My Viewliner room was orderly, clean and comfortable although it did show signs of wear and tear for only being a few years old. Some of the paint was starting to come off where people prop their feet while sitting just like I was. The room was decorated with blues, grays, and have kind of a mauve color to its fixtures and hardware. It contains a toilet and sink that fold up into the wall. You would never know they were there if you did not look for them. I remember the old roomettes in the cars before these new Viewliners, you could hear the sound of the track and rushing wind through the toilet, even with the seat down. These new cars are much more soundproof and quiet. Like the Superliner bedrooms the Viewliner rooms have two comfortable armchairs facing each other with a fold out table in the middle just perfect for a laptop. One unique feature in the design is that no matter where you are in the room there are controls for your comfort. The lights, the entertainment, the environmental controls are all at your fingertips. And yes the temperature controls actually work keeping your room comfortable for you.


I had lunch with Ralph again, the man I met at breakfast, he had a catfish sandwich and I had beef vegetable soup and a grilled cheese. How's that for sophistication?

The countryside is beautiful through this part of the country, plenty of swamps, brooks, meadows, forests and open fields. People who say we are running out of countryside and only have urban sprawl, must not travel very much. It seems that 90% of the country is open wilderness, farmlands and the rest cities. When you travel by train, "fly over country" becomes "travel through country" and you sure do see plenty of it and appreciate it all the more.

I noticed the further north we go the less green things become and winter is still very much alive. The trees are still gray and the leaves from autumn are still on the ground.

The rest of the day I spent writing and watching the scenery go by from my room. I didn't even go to the diner for my evening meal, CJ was more then happy to bring it to my room. I had a rib eye steak that was the best steak I have ever eaten. I'm not kidding when I say that. After he brought the meal I noticed he hesitated a little bit as if he wanted the tip right then. I always thought you were supposed to tip the attendant when you got off the train, which I will. Since then he has not treated me any different so he must be hoping I don't forget him in DC tomorrow.
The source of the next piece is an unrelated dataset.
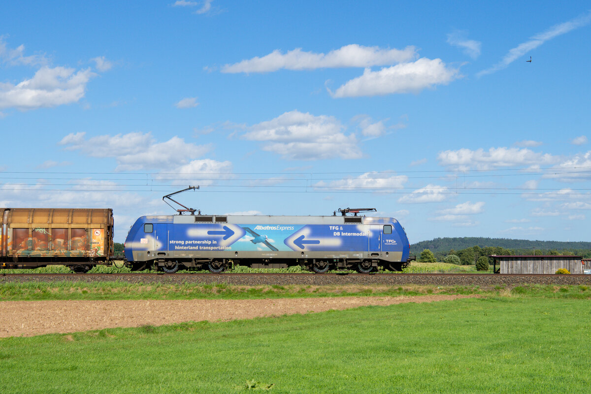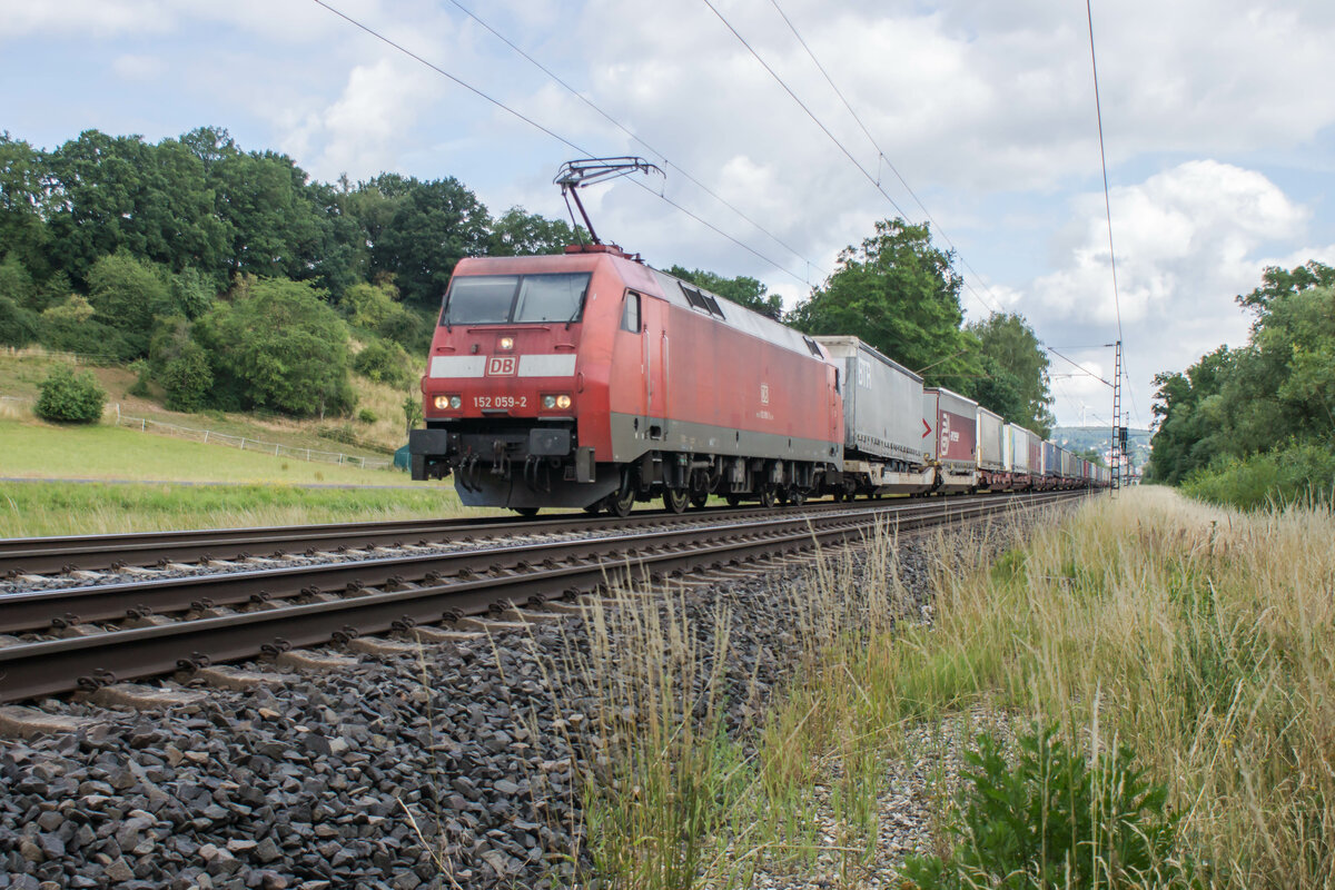 152 136 DB Cargo "TFG Transfracht" mit einem gemischten Güterzug bei Triesdorf Richtung Treuchtlingen, 26.08.2020

I watched a DVD called The Green Mile last night, it was a great movie although very long. That's one thing I love about my Gateway laptop having the ability to watch movies right in my own room or coach seat. I only do this at night when there is nothing to see outside otherwise it would kind of defeat the purpose of traveling by train.

After the movie I decided to try to sleep in the upper bunk for a change since I usually sleep in the lower bunk. It was a big mistake. I am sure it is fine for you little people but I am 6'5 at 300lbs and there is just not enough room up there to be comfortable. There was no place to put my arms and they kept falling off the bunk. There was also the faint sound of a radio or some kind or singing coming out of one of the speakers right near my ears. No matter what button I hit I could not turn off this sound. I tossed and turned for about two hours thinking I could find the perfect position but eventually gave up and moved back downstairs where I belonged. Once I got comfortable downstairs I couldn't get the upper bunk to stop rattling and so I became very angry but had know one to express it to since the whole train was asleep. I finally put my backpack up on the bunk, which stopped the rattling and then I went fast to sleep.

Day 5
Tuesday, March 20, 2001

I woke up late and wondered if we had made up any time. We had not and in fact had lost another half hour in the middle of the night somewhere in North Carolina. The ETA to Washington DC was just before 10:00AM. After still being a little annoyed about last night's sleeping fiasco I did not want to have breakfast with anyone else so I went to the snack bar and got an egg Mc Muffin and an apple Danish which I brought it back to my room. I read the paper and prepared to detrain in DC.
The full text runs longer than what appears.